Le roi ne pouvait en croire ses oreilles. Il s’était soudainement absorbé dans ses pensées et n’entendait plus un mot de ce que disait le vieillard. Ce « charmant petit garçon » était-il le petit mendiant avec qui il avait changé de costume avant de quitter le palais ? Cela n’était pas possible : l’enfant pauvre d’Offal Court, s’il avait eu l’audace de se faire passer pour le prince de Galles, avait dû se trahir au premier mot, au premier geste ; on l’avait, sans aucun doute, expulsé du palais, et on s’était mis à la recherche du vrai prince. Il n’était pas possible que la noblesse eût élu, à la place du fils de Henri VIII, quelque prince du sang, ou qu’à son défaut, on eût acclamé une autre dynastie que celle des Tudor. Le comte de Hertford s’y serait opposé et, tout puissant qu’il était, il aurait écrasé les rebelles.

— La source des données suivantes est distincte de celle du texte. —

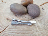 These tie bars are approximately 57mm x 5mm (2 1/4" x 3/16") and are spring loaded, so they will fit snugly to any tie. See photos for back of tie bar.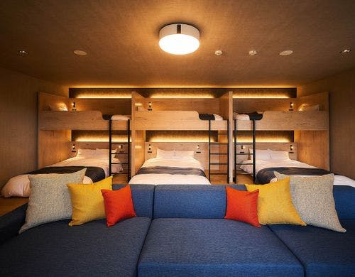 約73平米の101-103、105-107のお部屋は、上段シングル・下段ダブルの2段ベッドを3台、
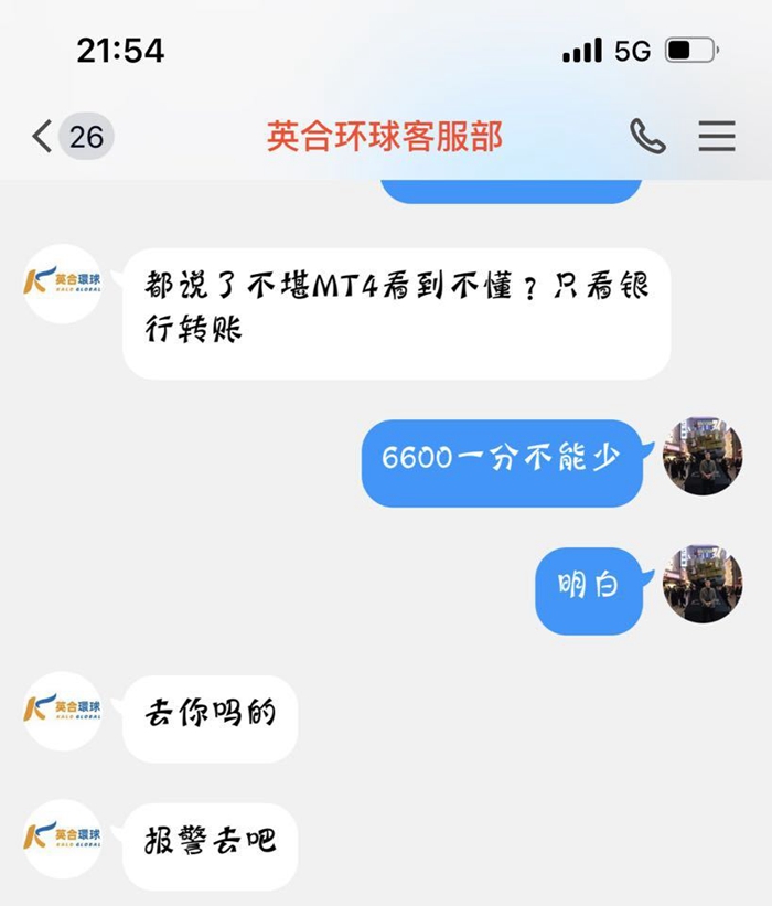 周先生找平台理论,想要回本金,可英合环球的客服部连基本的礼貌都不维持,一问客服就极不耐烦、脏话连篇。“都说了不看MT4不懂?只看银行转账”,“不行你就报警呗”,然后直接客服直接将周先生删除好友,还踢出了之前的技术交流群。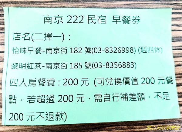 『南京222民宿』提供四人房$200的早餐券,並提供二家附近的早餐店,可以自由選擇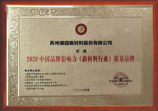 獲評2020中國品牌影響力(新材料行業)質量品牌企業

Plus le roi s’abîmait dans ses conjectures, plus il se trouvait impuissant à résoudre ce mystère, plus aussi il devenait perplexe, agité, incapable de dormir, de manger. Son impatience d’aller à Londres croissait d’heure en heure, sa captivité lui paraissait d’instant en instant plus intolérable.

Vainement Miles Hendon mettait en œuvre toutes ses ressources pour calmer le trouble du roi ; le pauvre diable ne réussissait qu’à l’irriter davantage.

Deux femmes, enchaînées près de lui, eurent plus de succès. Elles lui parlèrent avec bonté, avec douceur, et lui enseignèrent à prendre patience. Il les remercia, les écouta et daigna leur demander pourquoi elles étaient en prison.

— Nous sommes catholiques, dirent-elles.